除了我们之前的工作,我们的方法与 [60] 和 [53] 最为相似,他们通过众包工作者尝试在开放式对话中引出对话模型的攻击性输出,然后利用这些数据创建有效的安全干预措施。在 [60] 中,他们发布了一个名为 Bot Adversarial Dialogues (BAD) 的数据集,包含约 5K 次对话,涉及 3 个不同规模的对话模型,参数范围从 345M 到 2.7B。我们收集了更多的数据(约 40K 次攻击),并对更大的模型(参数高达 52B)进行了红队测试,以衡量扩展行为,如 [53] 中所述;同时,我们将基于人类反馈的强化学习 [14] 作为最有前景的安全干预措施。

Recent work explores how to automate red teaming by using language models instead of humans as the red team [42]. The approach bootstraps from the BAD dataset [60], and uncovers a variety of harms including (but not limited to) finding groups of people that the dialogue agent discusses in offensive ways, identifying personally identifiable information, and leaking private training data. We uncover similar harms in our dataset and plan to use our own data to systematically compare and contrast the types of harms that can be uncovered in manual versus automated methods in future work (s5).

最近的研究探索了如何通过使用大语言模型而非人类作为红队来自动化红队测试 [42]。该方法从 BAD 数据集 [60] 中引导,揭示了多种危害,包括(但不限于)发现对话代理以冒犯性方式讨论的群体、识别个人身份信息以及泄露私人训练数据。我们在数据集中发现了类似的危害,并计划在未来的工作中使用我们自己的数据来系统比较和对比手动与自动化方法中可能发现的危害类型 (s5)。

More generally, although our work focuses on adversarial attacks on generative models, it is heavily inspired by and related to prior work that examines the efficacy of adversarial testing to find and address vu lner abi lities in NLP algorithms in disc rim i native settings. Some of these efforts augment humans (through guidelines, templates, programmatic generation of attacks, and various combinations thereof) to devise test cases that cause systems to fail [45, 46, 29, 21, 30, 55, 6, 23]. Others use humans in the loop to continuously and dynamically build, break, and fix [20] models in order to continuously make them more robust to failure modes [40, 32, 55, 61]. Finally, a large body of work aims to learn adversarial examples that cause downstream models to produce spurious outputs [50], some of which are reviewed in [59]. However, these examples often seem arbitrary and unintelligible to humans, and thus correspond to a different kind of attack than the ones we consider here.

更广泛地说,尽管我们的工作专注于生成模型的对抗攻击,但它深受并关联于先前的研究,这些研究探讨了在判别式设置中通过对抗测试来发现和解决 NLP 算法中的脆弱性的有效性。其中一些工作通过增强人类(通过指南、模板、程序化生成攻击及其各种组合)来设计导致系统失败的测试用例 [45, 46, 29, 21, 30, 55, 6, 23]。另一些工作则利用人类在循环中持续动态地构建、破坏和修复 [20] 模型,以使其对故障模式更加鲁棒 [40, 32, 55, 61]。最后,大量工作旨在学习导致下游模型产生虚假输出的对抗样本 [50],其中一些在 [59] 中进行了回顾。然而,这些样本对人类来说通常显得随意且难以理解,因此与我们在此考虑的对抗攻击类型不同。
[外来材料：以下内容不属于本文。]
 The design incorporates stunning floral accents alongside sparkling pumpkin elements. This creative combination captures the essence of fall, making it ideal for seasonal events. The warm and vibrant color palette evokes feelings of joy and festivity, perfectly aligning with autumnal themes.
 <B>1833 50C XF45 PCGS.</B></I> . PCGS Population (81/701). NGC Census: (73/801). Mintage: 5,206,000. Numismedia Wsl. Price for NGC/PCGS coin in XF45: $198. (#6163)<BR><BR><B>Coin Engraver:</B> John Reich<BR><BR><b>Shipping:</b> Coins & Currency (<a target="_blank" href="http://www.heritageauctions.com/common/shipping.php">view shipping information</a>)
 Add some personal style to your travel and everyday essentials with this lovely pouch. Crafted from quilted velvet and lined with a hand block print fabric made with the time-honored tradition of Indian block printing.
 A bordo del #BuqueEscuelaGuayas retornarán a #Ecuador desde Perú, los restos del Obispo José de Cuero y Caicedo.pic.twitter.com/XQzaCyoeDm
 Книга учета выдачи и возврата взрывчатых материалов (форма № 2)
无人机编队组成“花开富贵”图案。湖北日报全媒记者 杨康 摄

Although our work focuses on language models, there is prior art on how to red team multi-modal generative models [39] in the context of DALL·E 2 [44]. These red team efforts reveal some similar categories of harms to those we find in or dataset, such as: “Bias and representation"; “Harassment, bullying, and exploitation"; "Dis- and misinformation", and other categories that we do not uncover or consider, such as “Copyright and Trademarks". The red team consists of domain experts who are selected according to particular areas of expertise, whereas in our case we rely on crowd workers whose domain expertise we are unaware of (\$5.1).

尽管我们的工作主要关注语言模型,但在 DALL·E 2 [44] 的背景下,已有关于如何对多模态生成模型进行红队测试的研究 [39]。这些红队测试揭示了一些与我们数据集中发现的类似危害类别,例如:“偏见和代表性”;“骚扰、欺凌和剥削”;“虚假和误导信息”,以及其他我们未发现或考虑的类别,例如“版权和商标”。红队由根据特定专业领域选出的领域专家组成,而在我们的案例中,我们依赖的是我们不了解其专业背景的众包工人 (\$5.1)。
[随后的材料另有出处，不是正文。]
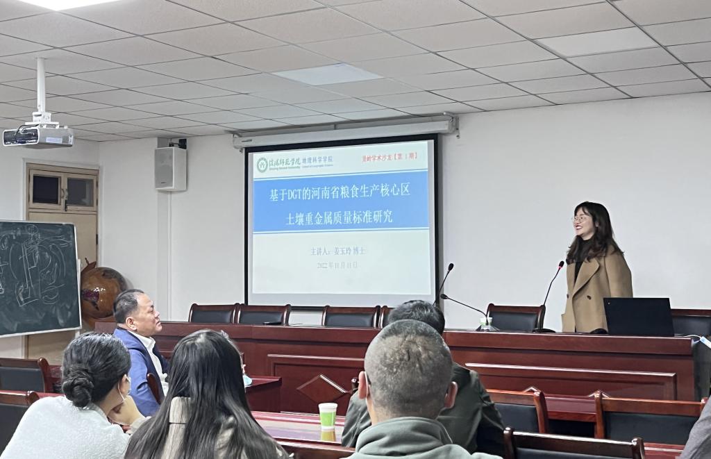 11月11日下午,RM365英国官网于理科楼410会议室举办了第一期贤岭学术沙龙,邀请自然地理学专业姜玉玲博士做了题为“基于DGT的河南省粮食生产核心区土壤重金属质量标准研究”的学术报告。经理牛继强教授、青年教师和硕士研究生50余人参加了报告会,会议由科研秘书闫军辉副教授主持。

Parameters | Plain LM Prompted LM Rejection Sampling Reinforcement Learning

参数 | 普通大语言模型 提示大语言模型 拒绝采样 强化学习

Table 1: Number of red team attempts per model size (rows) and safety intervention (columns)

表 1: 不同模型大小(行)和安全干预(列)下的红队尝试次数

| 2.7B | 1151 | 2044 | 1445 | 2498 |
| 13B | 2587 | 2174 | 1263 | 2292 |
| 52B | 1414 | 17739 | 1273 | 3081 |

3 Methods

3 方法

3.1 Red Team Task

3.1 红队任务

We developed an interface that instructs red team members to have open-ended conversations with an AI assistant [2, 4] in order to “make the AI behave badly, to get it to say obnoxious, offensive, and harmful things" (Figure 3). Similar to [60], we provide the red team with a brief list of example conversation topics but otherwise leave the instructions fairly open-ended. We ask the red team to rely on creativity, avoid obvious profanity, and to focus on a single topic per attack. To encourage this behavior, we ask participants to enter a short description of how they intend to red team the model prior to the attack.

我们开发了一个界面,指导红队成员与AI助手进行开放式对话 [2, 4],目的是“让AI表现不佳,使其说出令人厌恶、冒犯和有害的内容”(图 3)。与 [60] 类似,我们为红队提供了一个简短的示例对话主题列表,但其他方面则保持指令的开放性。我们要求红队依靠创造力,避免明显的粗俗语言,并专注于每次攻击的单一主题。为了鼓励这种行为,我们要求参与者在攻击前输入他们打算如何对模型进行红队测试的简短描述。

We were concerned about our task causing harm to the red team, so we reviewed available literature in Trust & Safety and related fields (e.g., [26, 15, 16, 49, 5, 27, 31]), as well as conducted a series of informational interviews with industry professionals in the field. We incorporated best practices from this research (see $\S\mathrm{A}.2$ for details) into the content and design of our task instructions (Figure 3, Left) and task interface (Figure 3, Right). For example, in the red team task instructions, we provide clear, specific warnings that red team members may be exposed to sensitive content. We also encourage red team members to select topics within their own risk tolerance, as opposed to prompting them to discuss specific, sensitive topics with the AI assistant. Through surveys and informal feedback, we found that red team members enjoyed the task and did not experience significant negative emotions.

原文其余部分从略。